>>

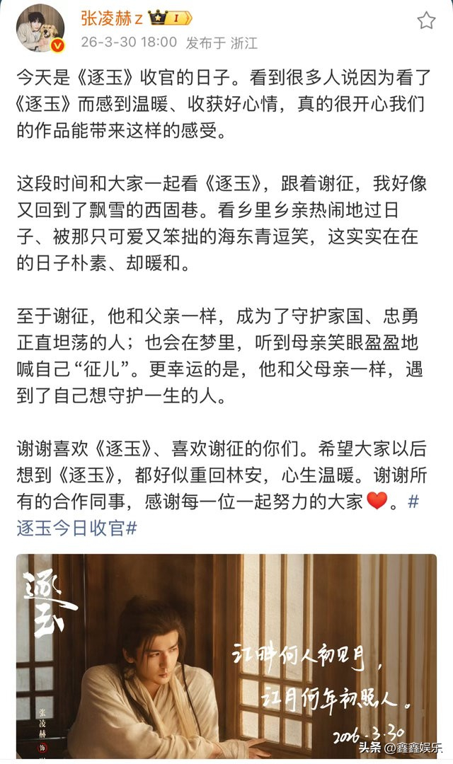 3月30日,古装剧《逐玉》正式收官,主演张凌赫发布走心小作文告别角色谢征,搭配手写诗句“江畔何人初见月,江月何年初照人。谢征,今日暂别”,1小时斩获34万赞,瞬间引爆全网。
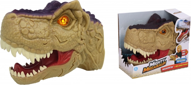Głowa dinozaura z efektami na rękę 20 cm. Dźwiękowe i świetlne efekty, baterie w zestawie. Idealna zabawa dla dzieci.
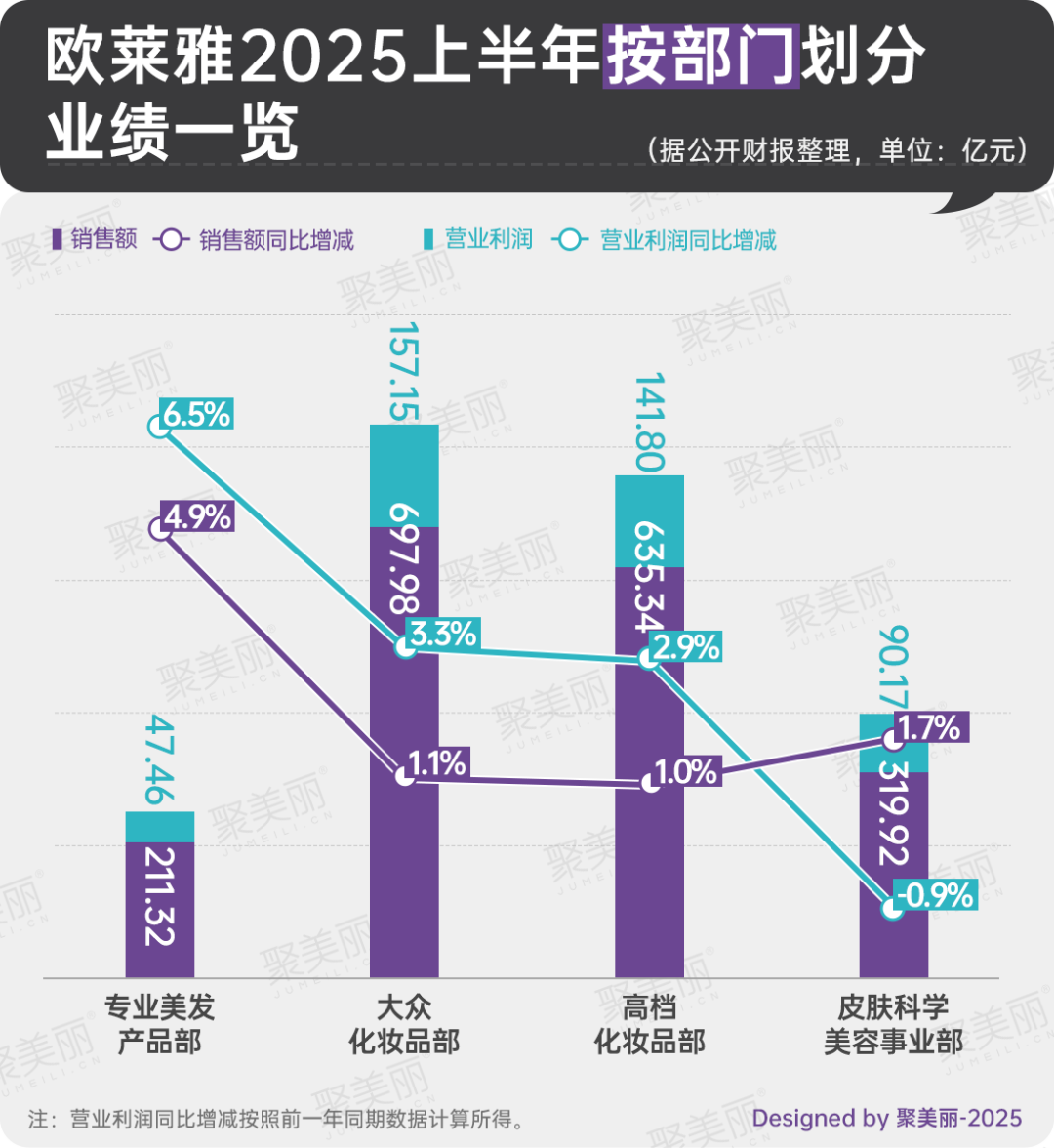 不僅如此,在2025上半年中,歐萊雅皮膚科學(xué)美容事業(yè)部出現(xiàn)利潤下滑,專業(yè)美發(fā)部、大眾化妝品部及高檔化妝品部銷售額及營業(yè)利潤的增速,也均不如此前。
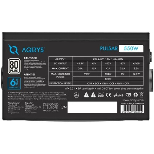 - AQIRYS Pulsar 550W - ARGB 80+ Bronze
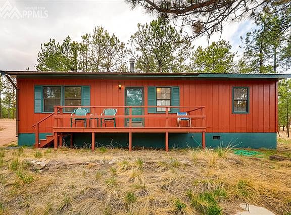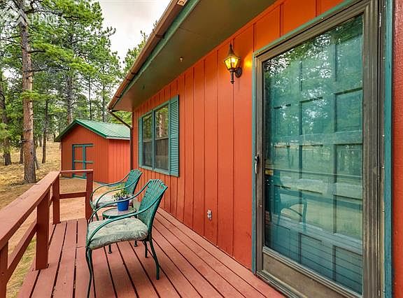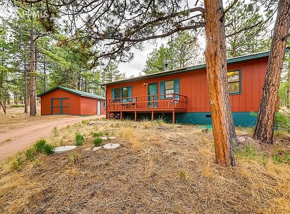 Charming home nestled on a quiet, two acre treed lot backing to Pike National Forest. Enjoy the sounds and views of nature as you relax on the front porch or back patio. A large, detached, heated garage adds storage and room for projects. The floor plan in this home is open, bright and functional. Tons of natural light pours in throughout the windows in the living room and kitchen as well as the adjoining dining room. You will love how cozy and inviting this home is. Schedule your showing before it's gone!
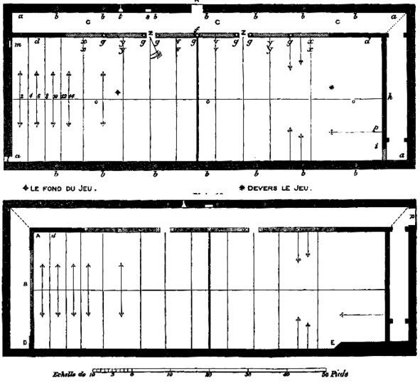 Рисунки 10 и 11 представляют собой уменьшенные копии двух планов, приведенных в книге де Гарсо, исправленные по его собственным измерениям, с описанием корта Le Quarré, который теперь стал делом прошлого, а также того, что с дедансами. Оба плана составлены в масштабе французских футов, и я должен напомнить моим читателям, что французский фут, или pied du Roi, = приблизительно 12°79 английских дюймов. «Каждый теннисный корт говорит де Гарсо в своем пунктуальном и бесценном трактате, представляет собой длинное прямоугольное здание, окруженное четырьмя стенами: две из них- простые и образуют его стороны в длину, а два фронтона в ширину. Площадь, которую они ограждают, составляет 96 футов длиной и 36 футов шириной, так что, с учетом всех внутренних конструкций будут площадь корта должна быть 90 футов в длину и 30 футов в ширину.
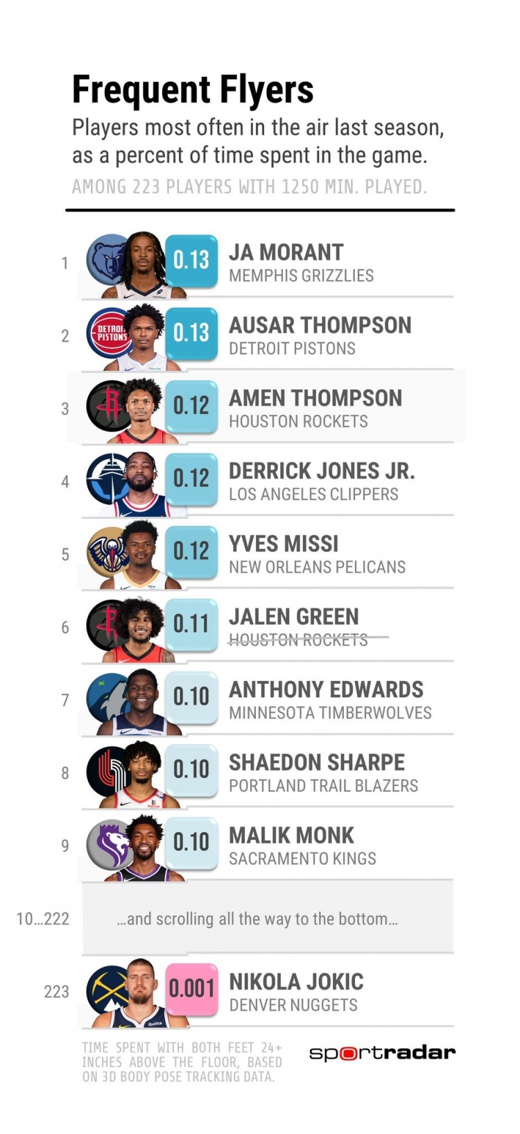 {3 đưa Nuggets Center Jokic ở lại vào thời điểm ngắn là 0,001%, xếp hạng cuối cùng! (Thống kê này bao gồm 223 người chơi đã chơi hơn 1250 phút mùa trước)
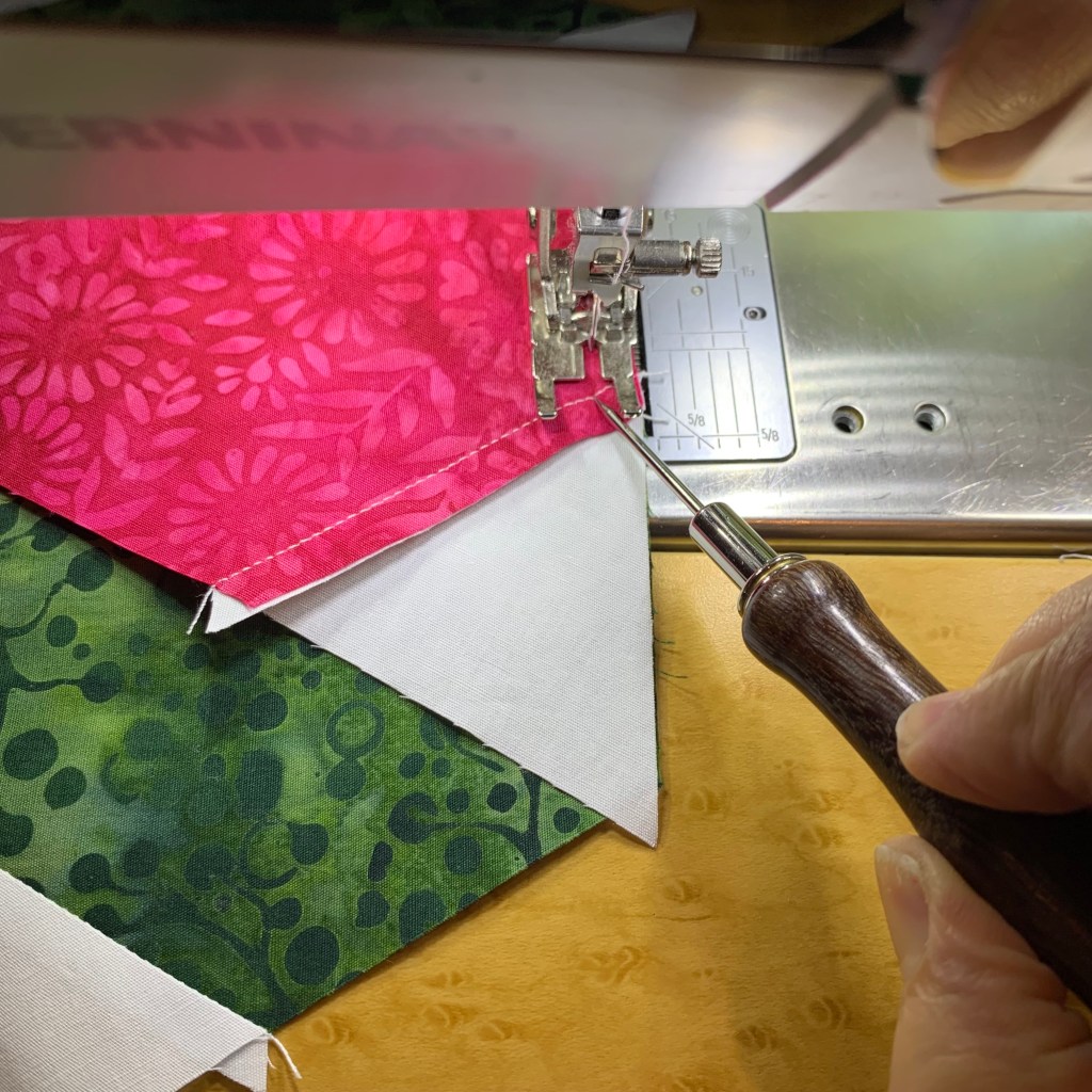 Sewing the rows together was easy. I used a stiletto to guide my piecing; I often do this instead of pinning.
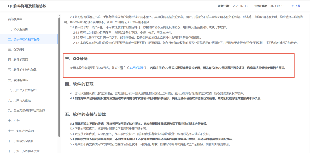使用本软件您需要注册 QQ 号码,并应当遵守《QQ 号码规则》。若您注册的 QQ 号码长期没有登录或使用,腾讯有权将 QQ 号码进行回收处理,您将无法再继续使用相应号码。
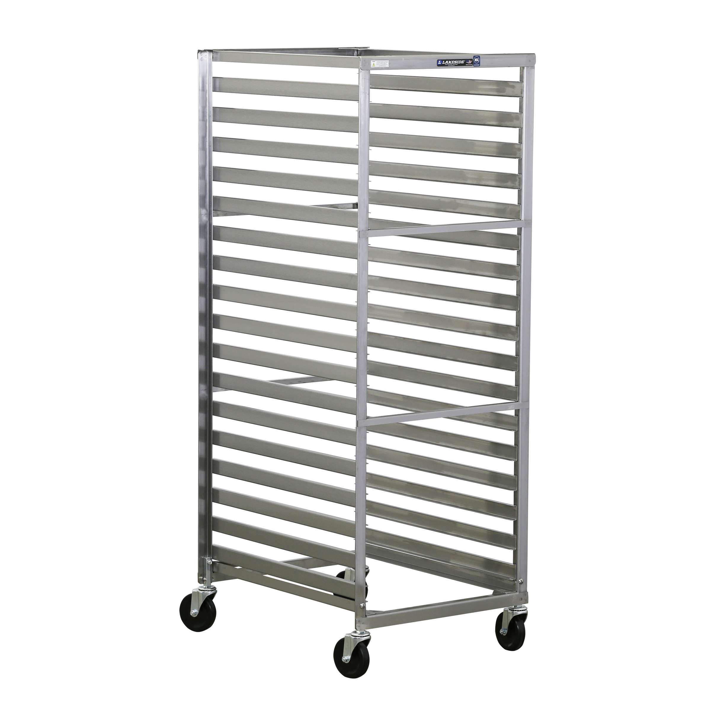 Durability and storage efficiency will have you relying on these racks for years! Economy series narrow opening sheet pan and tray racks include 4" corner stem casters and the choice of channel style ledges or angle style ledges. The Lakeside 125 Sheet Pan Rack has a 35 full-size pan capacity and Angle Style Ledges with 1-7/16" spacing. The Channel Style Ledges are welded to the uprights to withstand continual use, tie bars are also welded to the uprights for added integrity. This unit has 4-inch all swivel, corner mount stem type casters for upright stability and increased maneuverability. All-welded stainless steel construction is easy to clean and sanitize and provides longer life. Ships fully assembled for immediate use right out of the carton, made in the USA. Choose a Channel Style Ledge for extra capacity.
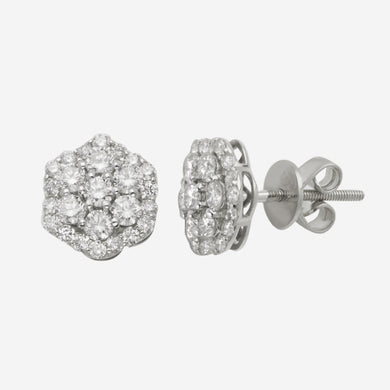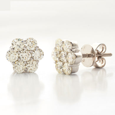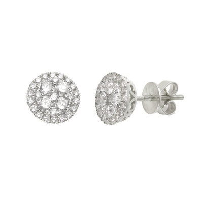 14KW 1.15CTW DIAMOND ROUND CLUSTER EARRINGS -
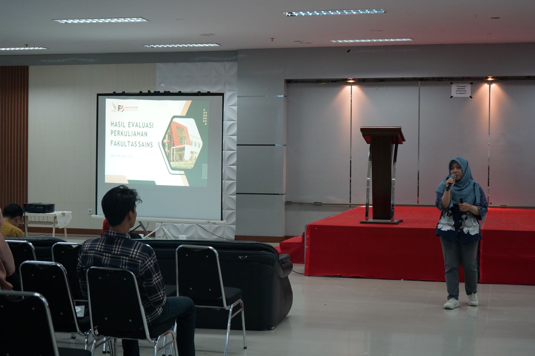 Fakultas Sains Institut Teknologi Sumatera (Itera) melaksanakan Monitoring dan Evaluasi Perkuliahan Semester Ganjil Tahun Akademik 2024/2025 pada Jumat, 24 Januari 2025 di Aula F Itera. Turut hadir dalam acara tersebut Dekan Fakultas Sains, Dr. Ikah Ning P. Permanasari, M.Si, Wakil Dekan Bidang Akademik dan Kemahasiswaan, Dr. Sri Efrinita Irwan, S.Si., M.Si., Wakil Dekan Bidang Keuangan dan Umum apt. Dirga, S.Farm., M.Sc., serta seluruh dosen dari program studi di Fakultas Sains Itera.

<<

__Exercise brief__:
Pictures should be skipped, and the records retyped word for word.

__Response__:
 3月30日,古装剧《逐玉》正式收官,主演张凌赫发布走心小作文告别角色谢征,搭配手写诗句“江畔何人初见月,江月何年初照人。谢征,今日暂别”,1小时斩获34万赞,瞬间引爆全网。
Głowa dinozaura z efektami na rękę 20 cm. Dźwiękowe i świetlne efekty, baterie w zestawie. Idealna zabawa dla dzieci.
 不僅如此,在2025上半年中,歐萊雅皮膚科學(xué)美容事業(yè)部出現(xiàn)利潤下滑,專業(yè)美發(fā)部、大眾化妝品部及高檔化妝品部銷售額及營業(yè)利潤的增速,也均不如此前。
 - AQIRYS Pulsar 550W - ARGB 80+ Bronze
 Charming home nestled on a quiet, two acre treed lot backing to Pike National Forest. Enjoy the sounds and views of nature as you relax on the front porch or back patio. A large, detached, heated garage adds storage and room for projects. The floor plan in this home is open, bright and functional. Tons of natural light pours in throughout the windows in the living room and kitchen as well as the adjoining dining room. You will love how cozy and inviting this home is. Schedule your showing before it's gone!
 Рисунки 10 и 11 представляют собой уменьшенные копии двух планов, приведенных в книге де Гарсо, исправленные по его собственным измерениям, с описанием корта Le Quarré, который теперь стал делом прошлого, а также того, что с дедансами. Оба плана составлены в масштабе французских футов, и я должен напомнить моим читателям, что французский фут, или pied du Roi, = приблизительно 12°79 английских дюймов. «Каждый теннисный корт говорит де Гарсо в своем пунктуальном и бесценном трактате, представляет собой длинное прямоугольное здание, окруженное четырьмя стенами: две из них- простые и образуют его стороны в длину, а два фронтона в ширину. Площадь, которую они ограждают, составляет 96 футов длиной и 36 футов шириной, так что, с учетом всех внутренних конструкций будут площадь корта должна быть 90 футов в длину и 30 футов в ширину.
 {3 đưa Nuggets Center Jokic ở lại vào thời điểm ngắn là 0,001%, xếp hạng cuối cùng! (Thống kê này bao gồm 223 người chơi đã chơi hơn 1250 phút mùa trước)
 Sewing the rows together was easy. I used a stiletto to guide my piecing; I often do this instead of pinning.
使用本软件您需要注册 QQ 号码,并应当遵守《QQ 号码规则》。若您注册的 QQ 号码长期没有登录或使用,腾讯有权将 QQ 号码进行回收处理,您将无法再继续使用相应号码。
 Durability and storage efficiency will have you relying on these racks for years! Economy series narrow opening sheet pan and tray racks include 4" corner stem casters and the choice of channel style ledges or angle style ledges. The Lakeside 125 Sheet Pan Rack has a 35 full-size pan capacity and Angle Style Ledges with 1-7/16" spacing. The Channel Style Ledges are welded to the uprights to withstand continual use, tie bars are also welded to the uprights for added integrity. This unit has 4-inch all swivel, corner mount stem type casters for upright stability and increased maneuverability. All-welded stainless steel construction is easy to clean and sanitize and provides longer life. Ships fully assembled for immediate use right out of the carton, made in the USA. Choose a Channel Style Ledge for extra capacity.
 14KW 1.15CTW DIAMOND ROUND CLUSTER EARRINGS -
 Fakultas Sains Institut Teknologi Sumatera (Itera) melaksanakan Monitoring dan Evaluasi Perkuliahan Semester Ganjil Tahun Akademik 2024/2025 pada Jumat, 24 Januari 2025 di Aula F Itera. Turut hadir dalam acara tersebut Dekan Fakultas Sains, Dr. Ikah Ning P. Permanasari, M.Si, Wakil Dekan Bidang Akademik dan Kemahasiswaan, Dr. Sri Efrinita Irwan, S.Si., M.Si., Wakil Dekan Bidang Keuangan dan Umum apt. Dirga, S.Farm., M.Sc., serta seluruh dosen dari program studi di Fakultas Sains Itera.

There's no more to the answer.